Your assignment. Quote the lines below exactly, from the one that holds "أصدرت نقابة المهن" through the final line of the records, and only those.

[Entries taken from a collection]
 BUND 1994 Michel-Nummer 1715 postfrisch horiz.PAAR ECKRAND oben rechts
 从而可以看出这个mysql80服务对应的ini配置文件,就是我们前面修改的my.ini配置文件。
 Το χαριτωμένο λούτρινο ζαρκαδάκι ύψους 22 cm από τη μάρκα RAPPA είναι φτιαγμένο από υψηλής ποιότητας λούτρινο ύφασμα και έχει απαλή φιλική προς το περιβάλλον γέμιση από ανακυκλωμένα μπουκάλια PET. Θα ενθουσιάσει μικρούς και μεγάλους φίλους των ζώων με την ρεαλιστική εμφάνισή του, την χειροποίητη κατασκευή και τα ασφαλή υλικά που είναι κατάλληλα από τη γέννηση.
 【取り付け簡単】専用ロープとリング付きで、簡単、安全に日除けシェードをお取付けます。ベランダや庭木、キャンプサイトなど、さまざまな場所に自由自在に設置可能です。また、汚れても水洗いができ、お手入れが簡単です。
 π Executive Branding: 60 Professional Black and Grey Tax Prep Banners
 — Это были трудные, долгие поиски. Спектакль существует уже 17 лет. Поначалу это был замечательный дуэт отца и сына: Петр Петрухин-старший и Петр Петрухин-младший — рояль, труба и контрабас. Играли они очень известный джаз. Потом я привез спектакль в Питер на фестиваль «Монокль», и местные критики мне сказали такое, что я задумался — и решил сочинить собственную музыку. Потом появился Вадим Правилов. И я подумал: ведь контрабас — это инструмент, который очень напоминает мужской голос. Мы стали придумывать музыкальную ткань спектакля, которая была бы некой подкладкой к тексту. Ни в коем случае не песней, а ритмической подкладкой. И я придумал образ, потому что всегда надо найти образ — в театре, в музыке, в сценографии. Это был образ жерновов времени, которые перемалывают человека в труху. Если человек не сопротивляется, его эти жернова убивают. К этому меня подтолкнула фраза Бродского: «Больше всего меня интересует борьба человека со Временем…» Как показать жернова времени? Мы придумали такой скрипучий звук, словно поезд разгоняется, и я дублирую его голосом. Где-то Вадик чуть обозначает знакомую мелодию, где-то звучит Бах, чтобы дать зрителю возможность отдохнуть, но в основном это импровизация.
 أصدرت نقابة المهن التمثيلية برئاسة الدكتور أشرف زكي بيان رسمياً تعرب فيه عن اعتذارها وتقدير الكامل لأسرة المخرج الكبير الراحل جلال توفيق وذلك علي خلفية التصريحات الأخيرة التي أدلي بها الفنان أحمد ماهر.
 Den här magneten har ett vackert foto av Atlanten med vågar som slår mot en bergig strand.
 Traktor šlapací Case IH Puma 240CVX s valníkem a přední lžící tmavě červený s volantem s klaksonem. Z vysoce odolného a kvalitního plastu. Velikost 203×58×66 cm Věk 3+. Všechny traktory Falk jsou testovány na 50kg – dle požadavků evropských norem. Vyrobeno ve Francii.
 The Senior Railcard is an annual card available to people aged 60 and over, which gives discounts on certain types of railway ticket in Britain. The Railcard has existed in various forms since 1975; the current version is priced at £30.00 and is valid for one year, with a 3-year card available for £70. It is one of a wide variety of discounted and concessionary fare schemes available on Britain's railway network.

Solution to this problem.
 أصدرت نقابة المهن التمثيلية برئاسة الدكتور أشرف زكي بيان رسمياً تعرب فيه عن اعتذارها وتقدير الكامل لأسرة المخرج الكبير الراحل جلال توفيق وذلك علي خلفية التصريحات الأخيرة التي أدلي بها الفنان أحمد ماهر.
 Den här magneten har ett vackert foto av Atlanten med vågar som slår mot en bergig strand.
 Traktor šlapací Case IH Puma 240CVX s valníkem a přední lžící tmavě červený s volantem s klaksonem. Z vysoce odolného a kvalitního plastu. Velikost 203×58×66 cm Věk 3+. Všechny traktory Falk jsou testovány na 50kg – dle požadavků evropských norem. Vyrobeno ve Francii.
 The Senior Railcard is an annual card available to people aged 60 and over, which gives discounts on certain types of railway ticket in Britain. The Railcard has existed in various forms since 1975; the current version is priced at £30.00 and is valid for one year, with a 3-year card available for £70. It is one of a wide variety of discounted and concessionary fare schemes available on Britain's railway network.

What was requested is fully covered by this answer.